## PROBLEM STATEMENT
Give the lines again exactly as they appear below, from the line with "Helle, gemütliche 1" to the line with "Les bijoux Rainbow", both included, and only those lines. Leave every picture out.

=======

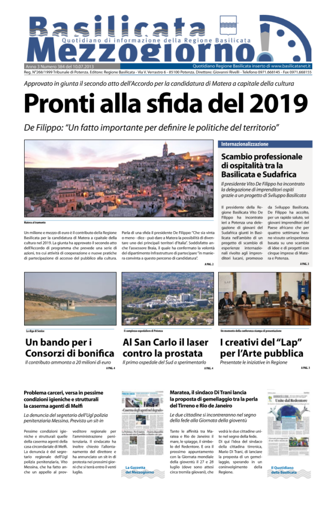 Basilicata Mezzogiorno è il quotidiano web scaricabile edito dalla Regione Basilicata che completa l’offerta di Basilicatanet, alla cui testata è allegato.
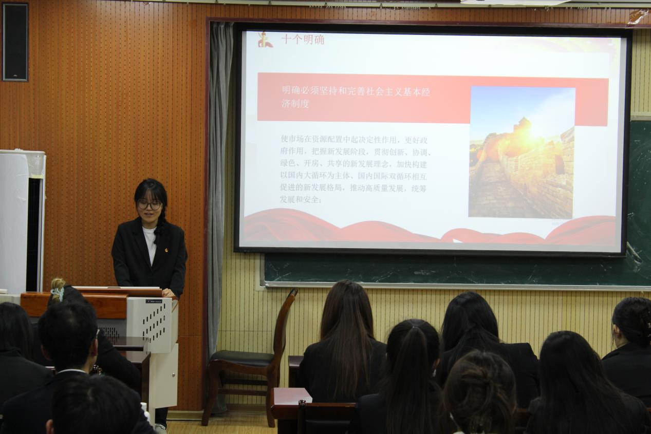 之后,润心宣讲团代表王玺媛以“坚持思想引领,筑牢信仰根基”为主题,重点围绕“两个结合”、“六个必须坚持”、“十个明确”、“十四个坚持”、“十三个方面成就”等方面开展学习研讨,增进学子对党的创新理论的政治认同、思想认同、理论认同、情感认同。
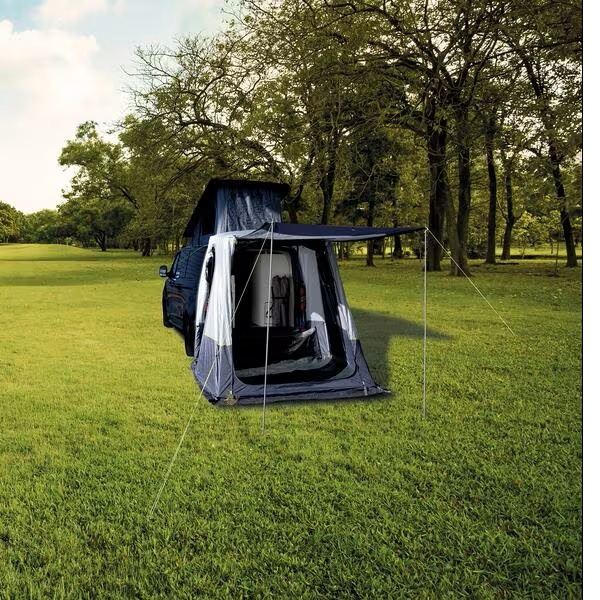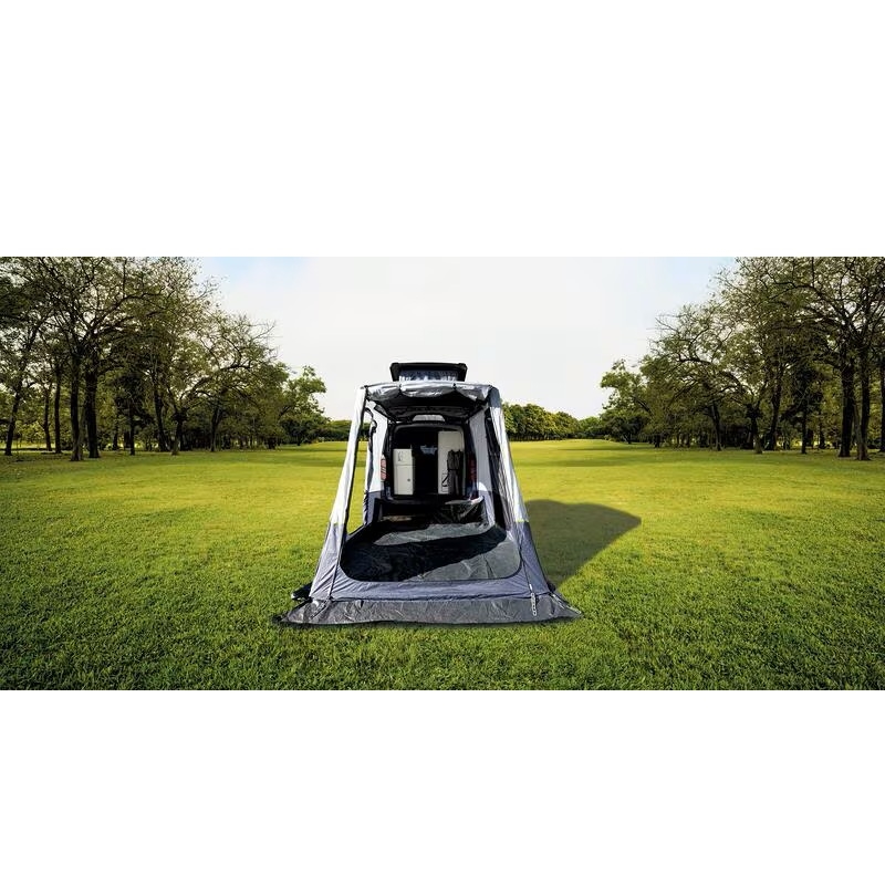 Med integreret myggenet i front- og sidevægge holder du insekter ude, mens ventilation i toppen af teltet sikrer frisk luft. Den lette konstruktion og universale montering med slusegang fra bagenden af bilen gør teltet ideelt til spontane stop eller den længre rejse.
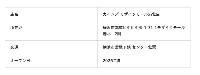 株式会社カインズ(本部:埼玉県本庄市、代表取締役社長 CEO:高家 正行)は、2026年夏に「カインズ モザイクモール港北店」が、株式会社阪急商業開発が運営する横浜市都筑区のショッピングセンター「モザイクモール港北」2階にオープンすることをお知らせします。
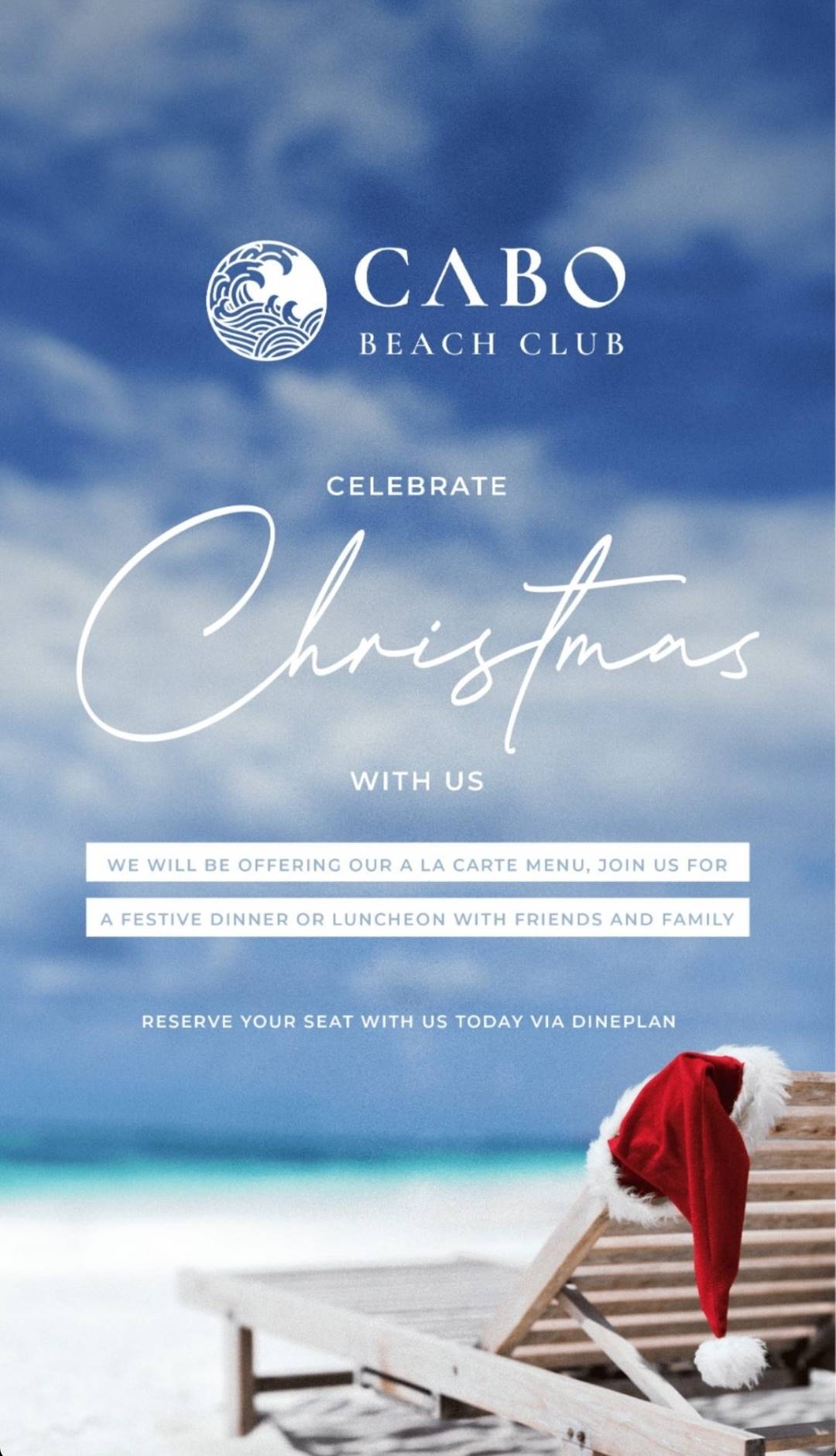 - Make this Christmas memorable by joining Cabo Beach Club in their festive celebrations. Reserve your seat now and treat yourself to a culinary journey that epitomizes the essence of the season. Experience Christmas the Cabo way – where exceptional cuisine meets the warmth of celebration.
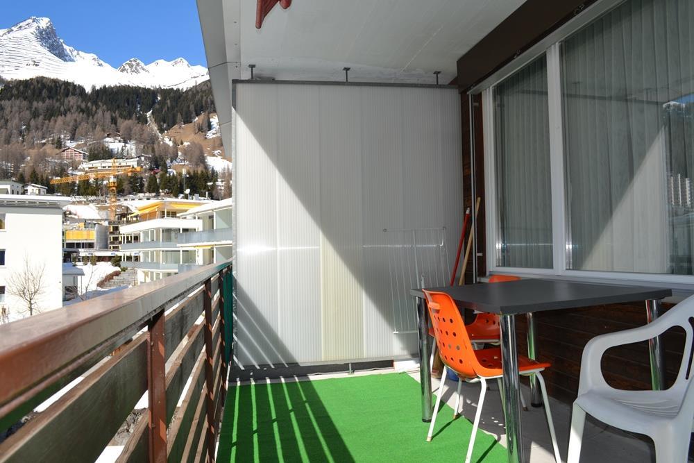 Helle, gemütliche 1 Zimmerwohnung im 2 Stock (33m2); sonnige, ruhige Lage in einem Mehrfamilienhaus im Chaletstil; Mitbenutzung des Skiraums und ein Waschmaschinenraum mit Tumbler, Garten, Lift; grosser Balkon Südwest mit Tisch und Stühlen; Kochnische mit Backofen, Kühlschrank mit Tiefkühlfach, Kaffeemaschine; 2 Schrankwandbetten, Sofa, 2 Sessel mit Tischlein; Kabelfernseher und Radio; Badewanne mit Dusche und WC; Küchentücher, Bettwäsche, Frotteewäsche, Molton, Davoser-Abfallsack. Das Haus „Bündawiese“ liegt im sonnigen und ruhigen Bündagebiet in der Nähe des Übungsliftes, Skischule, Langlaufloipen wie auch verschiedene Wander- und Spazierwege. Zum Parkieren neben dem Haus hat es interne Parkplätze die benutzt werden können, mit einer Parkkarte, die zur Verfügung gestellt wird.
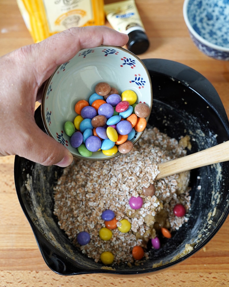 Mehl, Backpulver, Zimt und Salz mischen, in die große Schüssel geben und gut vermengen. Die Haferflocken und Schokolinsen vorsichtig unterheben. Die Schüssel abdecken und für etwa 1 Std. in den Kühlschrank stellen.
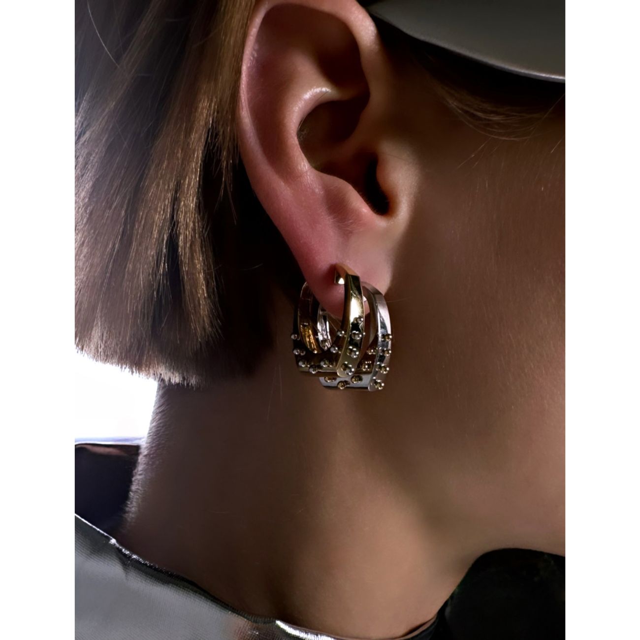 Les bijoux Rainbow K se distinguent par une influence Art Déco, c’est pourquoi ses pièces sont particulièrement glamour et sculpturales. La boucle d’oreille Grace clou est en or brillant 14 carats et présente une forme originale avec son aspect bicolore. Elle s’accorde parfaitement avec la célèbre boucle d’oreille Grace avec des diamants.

=======

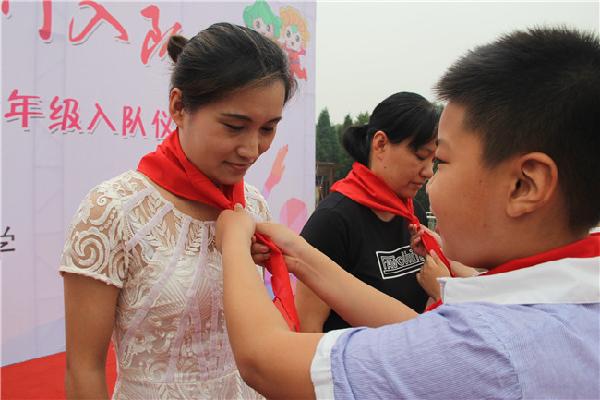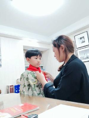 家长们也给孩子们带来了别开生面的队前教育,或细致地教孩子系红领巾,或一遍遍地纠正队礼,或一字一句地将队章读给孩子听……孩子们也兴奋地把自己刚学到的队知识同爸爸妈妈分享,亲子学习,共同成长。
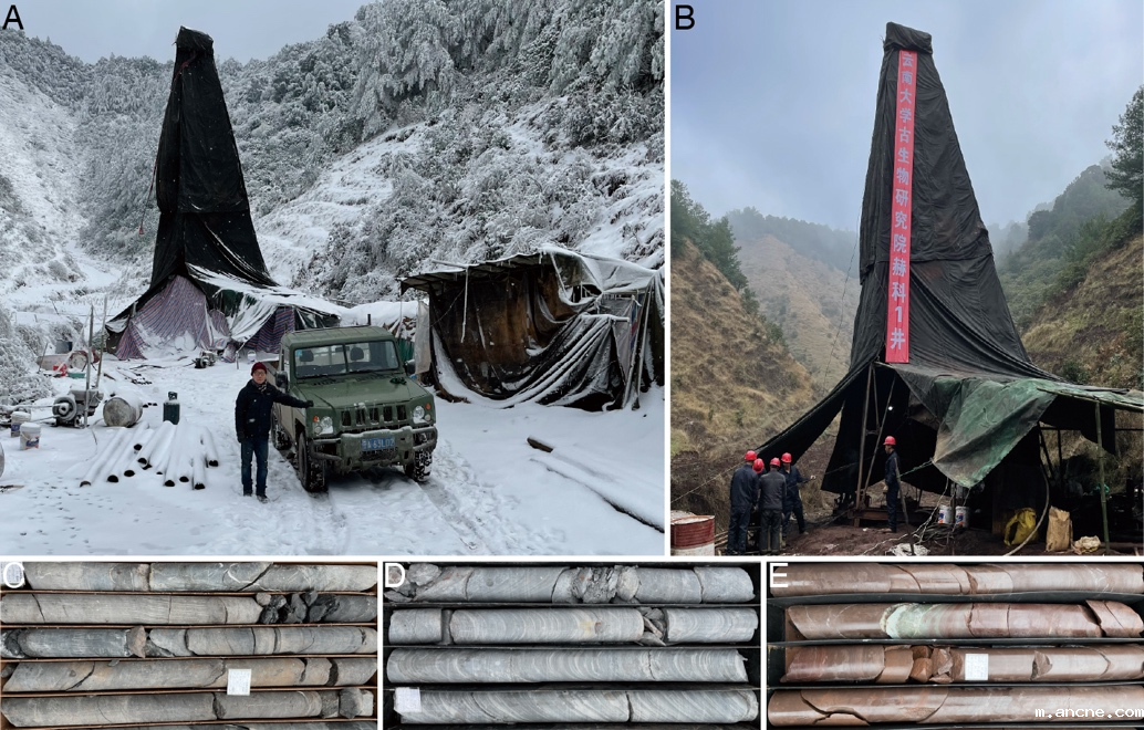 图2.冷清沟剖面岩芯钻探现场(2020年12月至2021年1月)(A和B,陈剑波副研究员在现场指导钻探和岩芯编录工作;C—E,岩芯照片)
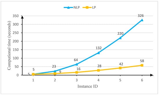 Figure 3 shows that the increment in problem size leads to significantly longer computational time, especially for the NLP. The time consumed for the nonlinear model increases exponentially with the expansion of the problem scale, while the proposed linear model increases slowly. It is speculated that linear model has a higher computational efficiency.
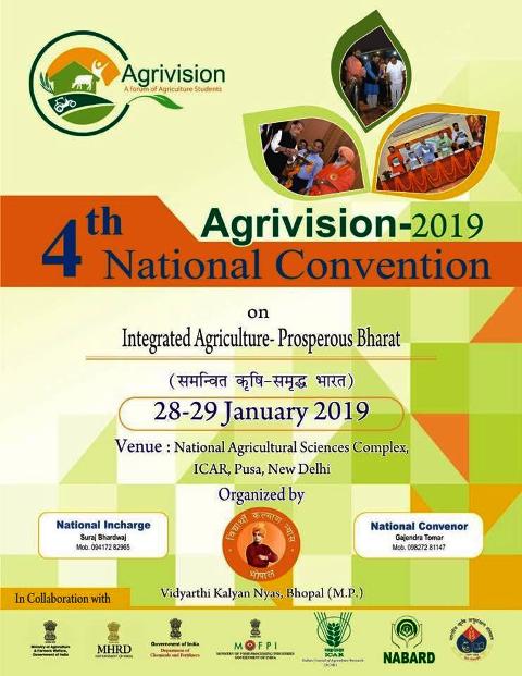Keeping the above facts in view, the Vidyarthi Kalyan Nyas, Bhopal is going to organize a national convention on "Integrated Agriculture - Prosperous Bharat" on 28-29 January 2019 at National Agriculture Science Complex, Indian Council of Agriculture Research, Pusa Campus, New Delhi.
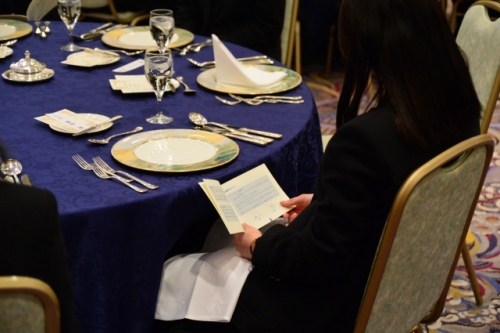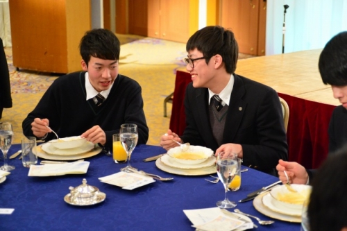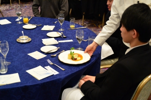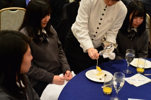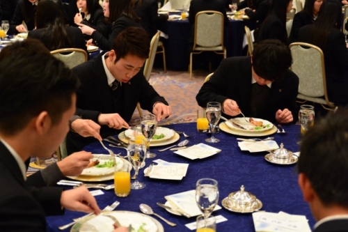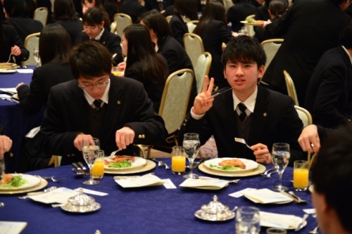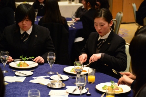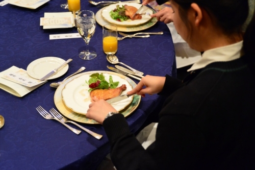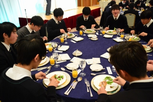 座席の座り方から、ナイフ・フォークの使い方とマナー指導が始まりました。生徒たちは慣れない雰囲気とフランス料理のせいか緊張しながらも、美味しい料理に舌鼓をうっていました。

=======

## ANSWER SPACE
 Helle, gemütliche 1 Zimmerwohnung im 2 Stock (33m2); sonnige, ruhige Lage in einem Mehrfamilienhaus im Chaletstil; Mitbenutzung des Skiraums und ein Waschmaschinenraum mit Tumbler, Garten, Lift; grosser Balkon Südwest mit Tisch und Stühlen; Kochnische mit Backofen, Kühlschrank mit Tiefkühlfach, Kaffeemaschine; 2 Schrankwandbetten, Sofa, 2 Sessel mit Tischlein; Kabelfernseher und Radio; Badewanne mit Dusche und WC; Küchentücher, Bettwäsche, Frotteewäsche, Molton, Davoser-Abfallsack. Das Haus „Bündawiese“ liegt im sonnigen und ruhigen Bündagebiet in der Nähe des Übungsliftes, Skischule, Langlaufloipen wie auch verschiedene Wander- und Spazierwege. Zum Parkieren neben dem Haus hat es interne Parkplätze die benutzt werden können, mit einer Parkkarte, die zur Verfügung gestellt wird.
 Mehl, Backpulver, Zimt und Salz mischen, in die große Schüssel geben und gut vermengen. Die Haferflocken und Schokolinsen vorsichtig unterheben. Die Schüssel abdecken und für etwa 1 Std. in den Kühlschrank stellen.
 Les bijoux Rainbow K se distinguent par une influence Art Déco, c’est pourquoi ses pièces sont particulièrement glamour et sculpturales. La boucle d’oreille Grace clou est en or brillant 14 carats et présente une forme originale avec son aspect bicolore. Elle s’accorde parfaitement avec la célèbre boucle d’oreille Grace avec des diamants.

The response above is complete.